Escritor disse que 'vivemos tempos sombrios' e citou Temer, Alexandre de Moraes e o STF
Alessandro Giannini - O Globo
SÃO PAULO - Vencedor do Prêmio Camões de Literatura, concedido anualmente a um escritor de língua portuguesa, o autor de "Lavoura arcaica" Raduan Nassar, de 81 anos, aproveitou seu discurso de agradecimento na cerimônia de entrega para fazer críticas ao governo de Michel Temer. O evento de premiação aconteceu na manhã desta sexta-feira no Museu Lasar Segall, em São Paulo, e contou com a presença do ministro da Cultura, Roberto Freire, que acabou se envolvendo em uma discussão com a plateia ao fim do evento.
Raduan foi apresentado por Helena Severo, presidente da Biblioteca Nacional. Em seu discurso de boas-vindas, ela errou o sobrenome do escritor — o chamou de Nasser e não Nassar — e foi corrigida por ele. O autor foi escolhido por unanimidade e se tornou o 12º brasileiro a receber o prêmio, considerado o mais importante da língua portuguesa. Receberá 100 mil euros.
Em seu discurso, o escritor afirmou: "Infelizmente nada é tão azul no nosso Brasil. Vivemos tempos sombrios". Agradeceu a presença de Freire, a quem se referiu como "ministro do governo em exercício", causando uma saia justa para o político.
Criticou ainda o ministro do Supremo Tribunal Federal (STF) Celso de Mello por ter mantido a nomeação de Moreira Franco a ministro-chefe da Secretaria-Geral da Presidência. Raduan acusou o STF de usar "dois pesos, duas medidas", referindo-se ao que considera diferença de tratamento dado a Moreira e ao ex-presidente Lula, ambos envolvidos em denúncias da operação Lava-Jato. Enquanto Lula não pôde assumir a Casa Civil no governo de Dilma Rousseff, Moreira foi autorizado a se tornar o ministro-chefe de Temer. A mudança de status lhe dá direito a foro privilegiado.
— É esse o Supremo que temos, ressalvadas outras exceções. É coerente com seu passado à época do regime militar. O mesmo Supremo proficiou a reversão da nossa democracia sobre o impeachment de Dilma Rousseff. O golpe estava consumado, não há como ficar calado — disse o autor, que criticou ainda a indicação de Alexandre de Moraes (a quem chamou de "figura exótica") para a vaga do STF.

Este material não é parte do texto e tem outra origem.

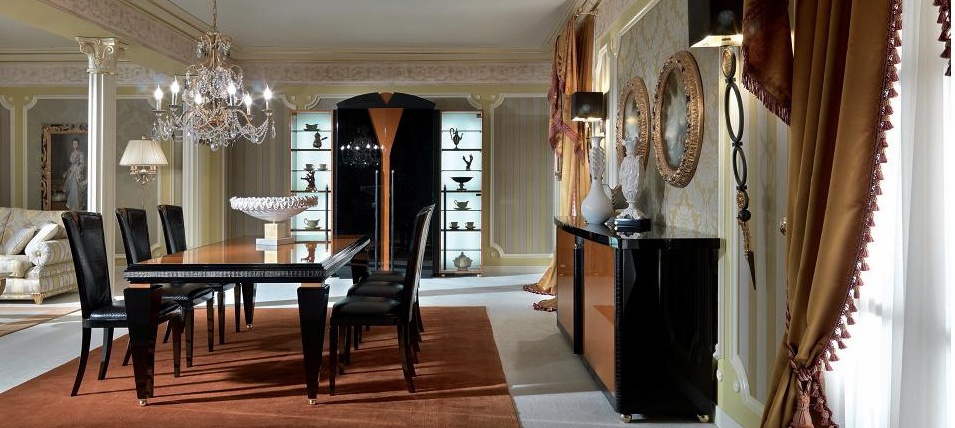 Century dining table from the Italian manufacturer Turri. The frame is made of wood. The handmade decor. Finish - gloss polyester, color Myrtle and black lacquer from the company portfolio. Massive top supported on figured legs. Will perfectly complement the dining room.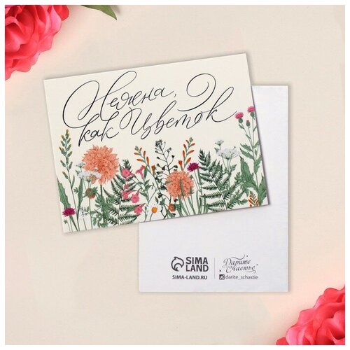 Открытка-мини «Нежна, как цветок», цветы, 8 × 6 см

Estavam presentes também os escritores Milton Hatoum e Estevão Azevedo, entre outros, e o ex-ministro das Relações Exteriores Celso Amorim.
Roberto Freire ressalta "deselegância do agraciado"
Após o fim do discurso de Raduan — encerrado com a frase: "o golpe estava consumado, não há como ficar calado", e embalado por aplausos e gritos de "Fora Temer" —, o ministro Roberto Freire se manifestou, dirigindo-se à plateia. Em clima de constrangimento geral, Freire tomou a palavra e disse que "estamos vivendo um momento democrático e que é muito diferente do período de ditadura". Vaiado e contestado por parte do público, o ministro bateu boca com algumas pessoas e criticou os manifestantes dizendo que "é fácil fazer manifestação num governo como este, democrático".